# My cat refining method



## jaun (Feb 20, 2011)

Hi all, I just thought I’ll share my cat refining method with you, wish I could post pictures, but my camera was stolen, will post some picks when I buy a new camera.

First I leach the cats with AR (I reuse the acid)
When I’m finished with say 10 cats, I add urea until fizzing stops, and dilute further with water.

I then add steel wool. Lots of fizzing, the liquid turns clear as the steel wool dissolves and the black powder sinks to the bottom. If you use too much steel wool, the solution turns green.

Make sure all the steel wool is dissolved (no more bubbles forms), add some free HCL to make sure the steel wool is dissolved.
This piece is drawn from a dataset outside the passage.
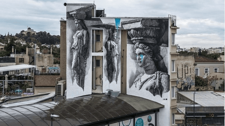 Με την υποστήριξη του δήμου Αθηνών, ο Έλληνας καλλιτέχνης ΙΝΟ δημιούργησε μια τοιχογραφία μεγάλης κλίμακας στο Μοναστηράκι, σε κτίριο επί της οδού Ερμού 121. Το έργο απεικονίζει τρεις ασπρόμαυρες Καρυάτιδες που κλαίνε.

Decant and wash 3 times with boiling water. Add base to neutralize any access HCL, and wash with boiling water 3x again.

Then add nitric (not too much) and give a quick boil to dissolve the palladium, decant the pd solution into another beaker (be careful not to decant the black powder that’s left, that’s your platinum and rhodium)

Wash black powder 3x with little boiling water and decant it into your Pd nitrate solution, (there’s still pd in the water washes)

Now take your Pd solution and add 3x HCL. Add urea to denoxx and dilute with water. Add steel wool and wait for the Pd to settle. Wash, dry and melt.

As for the Pl/Rh powder, I don’t separate it.
I then dry and melt my platinum and Rhodium powder together and sell as Platinum.
(My buyer is very happy with this, wonder why? lol) :lol: 

My buyer tests the metals, and if it’s 98% pure I get paid for 98%, no refinery costs.
So he can have the Rhodium.

Ps: remember to wash your cats out with water after AR leach, catch that water It’s still of PGM’s!!!
I also found that boiling my cats in AR after I leached them, still yielded more Platinum 

Feel free to comment on my process.
Thanks
Jaun
8)


----------



## Barren Realms 007 (Feb 20, 2011)

Why give up your RH when you are so close to recovering it?


----------



## nickvc (Feb 20, 2011)

Barren I think it's a case of his buyer gets the Rh to off set the refining costs as he states he gets full price for whatever Pt is there, not a bad deal I suppose given the normal % that we can get for PGMs.


----------



## arthur kierski (Feb 20, 2011)

JAUN----the first leach with ar(around 10 cats)do you use hot ar?


----------



## Barren Realms 007 (Feb 20, 2011)

nickvc said:


> Barren I think it's a case of his buyer gets the Rh to off set the refining costs as he states he gets full price for whatever Pt is there, not a bad deal I suppose given the normal % that we can get for PGMs.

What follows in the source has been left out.